New affordable housing strategy excites players
President William Ruto during the launch of the proposed Kibera Soweto East Zone B Social Housing Project in Lang’ata, Nairobi County. PD/Gerald Ithana

Barely three months into his administration, President William Ruto is attempting to do what his predecessor often said he was planning to do to make the affordable housing plan a reality to Kenyans.

Details of a recent State House meetings have excited industry stakeholders who want to see the government take a more active role in reducing legal and financial restrictions on housing supply.

After ideas from the past administration were watered down and deferred, new suggestions including a special purpose vehicle akin to the Real Estate Investment Trust (REITs), from the House on the Hill, are beginning to take shape.

Its aim (a specialised financing vehicle), according to insiders, is to make that “dream” a little more affordable by encouraging investors in the pension sector to firmly participate in the programme.

Proposals contained in an economic transformation agenda draft paper for the housing and infrastructure chapter by pension funds, show that pensioners would prefer complete autonomy, if the private sector is to easily participate in the scheme’s offtake, which failed under former President Uhuru Kenyatta.

Raise money

“The reason I would not hesitate to take on another D-Reit challenge has to do with the opportunities I think exist to raise money through this method to develop counties,” says Luke Kinoti, an investment analyst.

For the devolved units of government, he adds, floating D-Reits can help them attract private investors to put their money in property and infrastructure development.

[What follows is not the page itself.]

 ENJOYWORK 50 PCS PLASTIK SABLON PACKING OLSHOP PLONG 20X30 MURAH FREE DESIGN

During his second term in office, Kenyatta intended to construct over 500,000 affordable houses by 2022 to meet the existing annual deficit of 200,000 low-income housing units, against annual production of less than 50,000 units.

That deficit, according to World Bank reports, continues to rise due to fundamental constraints on both the demand and supply side and is exacerbated by an urbanisation rate of 4.4 per cent, or 0.5 million new city dwellers every year.

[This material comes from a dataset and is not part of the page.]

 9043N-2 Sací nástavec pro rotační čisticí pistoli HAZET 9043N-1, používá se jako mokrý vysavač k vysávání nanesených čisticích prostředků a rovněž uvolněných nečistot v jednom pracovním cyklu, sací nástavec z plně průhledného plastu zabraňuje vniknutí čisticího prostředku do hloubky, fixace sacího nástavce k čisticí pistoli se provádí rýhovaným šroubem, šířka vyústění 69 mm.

Just over 1,000 such units are ready for occupation since the project’s commencement in 2017, whose implementors pinned some of the blame on zoning policies, harsh regulations and scarce infrastructure.

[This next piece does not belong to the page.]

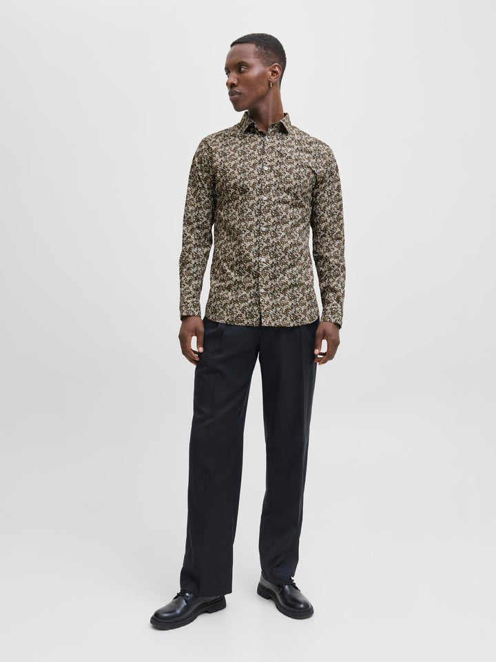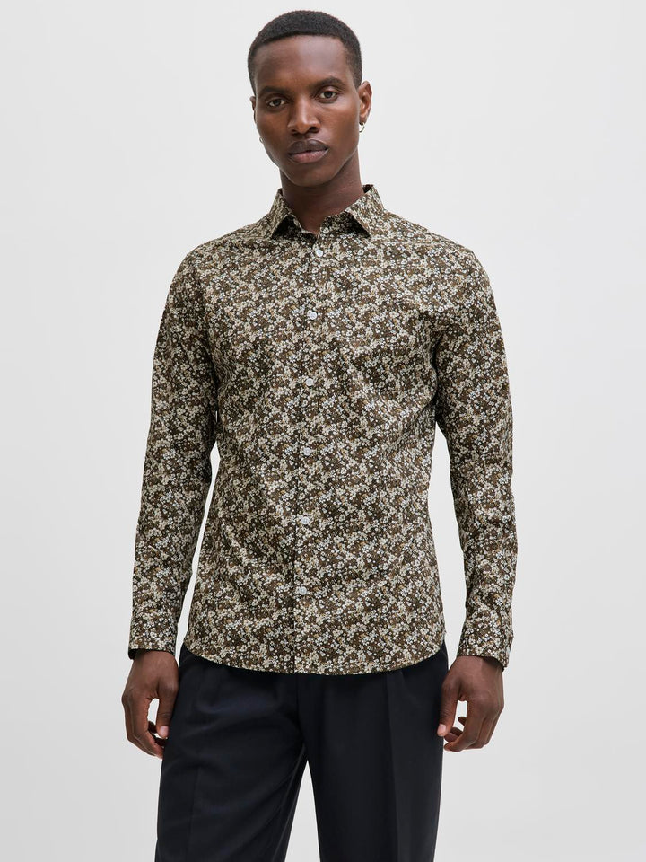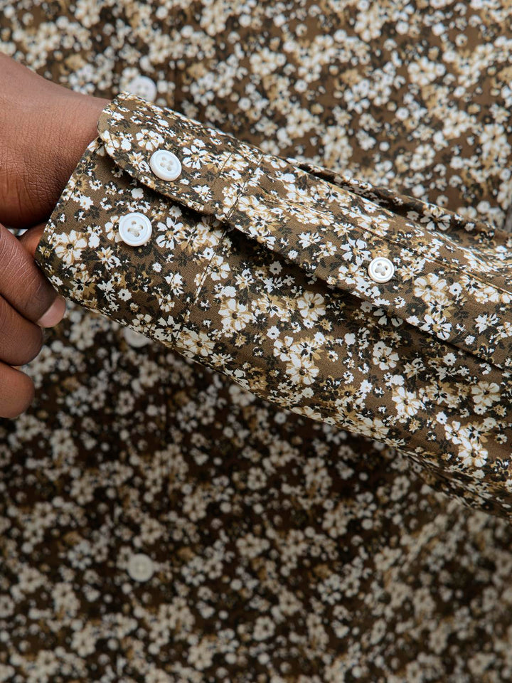 Tämä moderni kukkakuosinen kauluspaita tuo asuusi erottuvaa tyylikkyyttä. Vahvasta popliinista valmistettu paita istuu kevyesti vartalolle, ja sen hienovarainen kiilto tekee siitä täydellisen valinnan niin juhlaan, toimistolle kuin rennompaan smart casual -tyyliin. Joustava puuvillasekoite takaa mukavuuden koko päiväksi.

But the Ruto – led administration has since pledged to offer “free land” which are idle parcels owned by parastatals as well as horizontal infrastructure considerations, to lower the cost of putting up such structures through a public private partnerships (PPP) model.

Similarly, players in the pension industry want a special purpose vehicle to pool funds for investment projects, which they believe will encourage home-ownership and eliminate regulatory barriers to new housing construction. “The pension fund industry will co-invest in such a structure,” the white paper document by the pension funds to President Ruto, reads in part.

Besides expanding the mandate of Kenya Mortgage Refinance Company (KMRC) to include offering of local guarantees for rent-to-own arrangements, pension firms have also put forward a proposal to consolidate all pension assets in a structure similar to the US government sponsored enterprises that pooled funds for affordable housing.

Its outcome, they noted, would see the growth of primary and secondary housing finance systems as well as the provision of liquidity and a secondary market for pension assets.

Pension funds

In the early 90s, the US pension funds helped finance affordable housing for low-and moderate-income families, focusing on the features and common elements of affordable housing arrangements financed by such funds and the expected rates of return on such housing investments.

Kenya is seen to be looking at such options in order to meet the shortfall in its quest to provide affordable housing units to its citizens, in a model also expected to give valuable returns to pensioners on such investments.